Smart estate planning will minimize the tax bill your heirs pay when you die, and a Roth IRA is one of the most effective tools for that purpose. Aside from all the other positive characteristics of Roth IRAs, there are two reasons for including one in your estate planning.
- You are not required to take minimum annual distributions from your Roth account. If you don't need the money, the account can continue to grow in value until your heirs receive it.
- With a properly designated beneficiary, your Roth account will not be included as part of an estate in a probate process. The balance will go directly to your designated beneficiary.
- You don't have to take annual distributions from a Roth IRA during your lifetime, so if you don't need the money, you can leave it all to your heirs.
- Heirs, in most cases, can make tax-free withdrawals from a Roth IRA over a 10-year period.
- Spouses who inherit Roth IRAs can treat the accounts as their own. That is, there are no deadlines for withdrawals.
You Can Leave the Whole Account to Your Heirs
One of the major advantages of a Roth IRA, unlike traditional IRAs and many other types of retirement plans, is that you don't have to take any required minimum distributions (RMDs) during your lifetime. Because you already paid the income taxes due on that money, the Internal Revenue Service (IRS) doesn't care when you use it.
If you don’t need the money for living expenses, you can just leave it in the account to keep growing tax-free. This makes a Roth IRA an especially good vehicle for wealth transfer. The entire funds deposited into the account, plus earnings, can transfer to your beneficiaries. You don't even need to identify a beneficiary in your will because the beneficiary designated on your Roth IRA account contract is sufficient to transfer outside of probate.

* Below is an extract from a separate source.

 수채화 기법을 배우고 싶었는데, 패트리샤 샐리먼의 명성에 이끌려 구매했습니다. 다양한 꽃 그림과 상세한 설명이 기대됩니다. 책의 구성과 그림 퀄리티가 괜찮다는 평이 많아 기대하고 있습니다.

How Your Heirs Can Avoid Taxes
A spouse who inherits can choose to become the account holder of the Roth IRA without any changes; this is called a spousal transfer. That is, no taxes should be owed on withdrawals from the account and no minimum distributions are required. Or, the spouse can transfer the assets into an inherited Roth IRA in their name and opt to spread distributions over their life expectancy or over five years. In all cases, the money remains tax-free.

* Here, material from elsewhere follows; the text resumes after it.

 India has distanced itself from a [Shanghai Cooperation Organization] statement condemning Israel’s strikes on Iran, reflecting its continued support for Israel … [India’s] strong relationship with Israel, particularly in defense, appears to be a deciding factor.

It used to be that non-spousal beneficiaries could stretch distributions over their own life expectancy as well. However, as of Jan. 1, 2020, adult children and other heirs cannot treat the IRA as their own. Most must withdraw all of the money in the Roth account within 10 calendar years of the date when it was inherited. There are no set RMDs in any one year, but the full account balance must be paid out by the end of the 10-year period. If the account was in existence for at least five years prior to the account owner's death, the distributed money will be tax-free.
Some non-spousal heirs are exempted: those whose age is within a decade of the deceased's, disabled or chronically ill individuals, or minor children. However, these minors must be the direct biological children, stepchildren, or adopted children of the account owner only (no grandchildren, in other words), and—when they reach majority age—the 10-year rule kicks in for them, too.
Be sure to keep the beneficiary designations on your Roth IRA and other financial accounts up to date, so the money will go where you want it to without delay.
Roth IRAs Help You Avoid Probate
Like proceeds from a traditional retirement account or a life insurance policy, the money you leave your heirs in the form of a Roth IRA doesn’t have to go through the probate process. This simplifies and speeds up the disbursement of funds to your loved ones and can reduce the cost of settling your estate.
Mutual fund companies, banks, brokerage firms, and other financial institutions that serve as custodians for Roth IRAs will typically require you to designate a beneficiary—and sometimes alternate beneficiaries—when you open your account. Don't name your estate as a beneficiary or you'll lose the opportunity to bypass probate.
It’s important to designate a beneficiary to ensure that your wishes are carried out after you die. It's equally important to review your beneficiary designations periodically to make sure they are up to date, especially after major life events, such as marriage, divorce, the birth of a child, or the death of a previous beneficiary. For example, your current spouse might not appreciate seeing your Roth IRA go to a former spouse because you forgot to update the form.
Do Roth IRAs Have Required Minimum Distributions (RMDs) During the Account Owner's Lifetime?
No. Unlike traditional IRAs, there are no RMDs for Roth IRAs during the account owner's lifetime.
If I Fail to Designate a Beneficiary—or My Beneficiary Precedes Me in Death—What Happens to My Roth IRA?
If you do not have a properly designated beneficiary at the time of your death, the proceeds from your Roth IRA will go through your estate and the probate process.
Do Beneficiaries Pay Taxes on Withdrawals From an Inherited Roth IRA?
Typically, no. A beneficiary does not have to pay taxes on withdrawals from an inherited Roth IRA so long as the account owner opened—and began making contributions to—the account more than five years prior to their death.